Eran Sadot1, Joachim Yahalom, Richard Kinh Gian Do, Julie Teruya-Feldstein, Peter J Allen, Mithat Gönen, Michael I D'Angelica, T Peter Kingham, William R Jarnagin, Ronald P DeMatteo.   

Abstract

INTRODUCTION: Primary pancreatic lymphoma (PPL) is a rare tumor that is often misdiagnosed. Clinicopathologic features, optimal therapy, and outcomes are not well defined. We reviewed our institutional experience with PPL.
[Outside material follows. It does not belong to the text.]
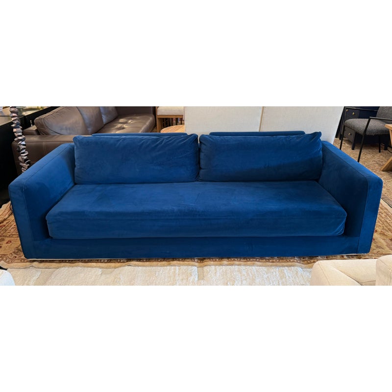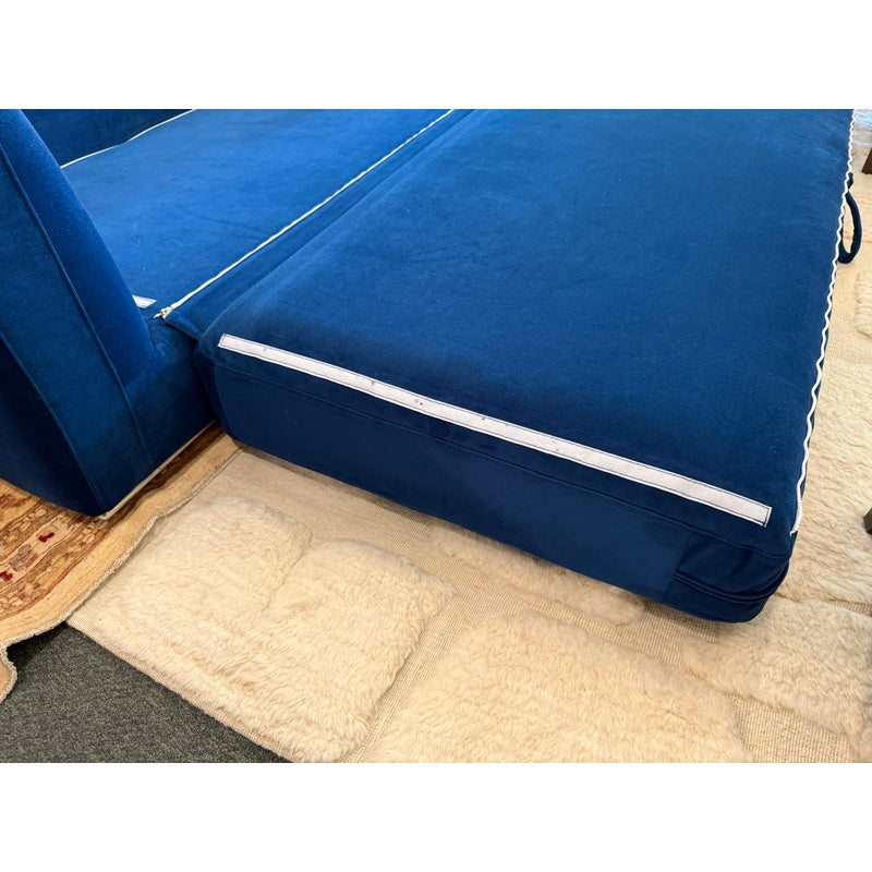 Design Plus Gallery presents the Milo Sleeper Sofa from Rove Concepts. The sleek and flat profile of the Milo Sleeper Sofa marries sophisticated style with casual comfort. Milo’s subtle curves of the padded armrest in Cobalt velvet delivers plush and stable support for its spacious seating. Milo features a modern design that can be easily converted into a spacious bed, perfect for when you have guests over. Much like the grandeur of Italian design, the Milo is formed with more width than the average sofa, providing an overall grander feel for your home. It is in good overall condition for its usage.

METHODS: Search of our institutional database identified that between 1987-2012, 21,760 patients with lymphoma and 11,286 patients with a primary pancreatic tumor were evaluated. There were 44 patients with pathologically confirmed PPL. Clinical data were obtained by chart review and survival distributions were estimated using the Kaplan-Meier method and compared using the log-rank test.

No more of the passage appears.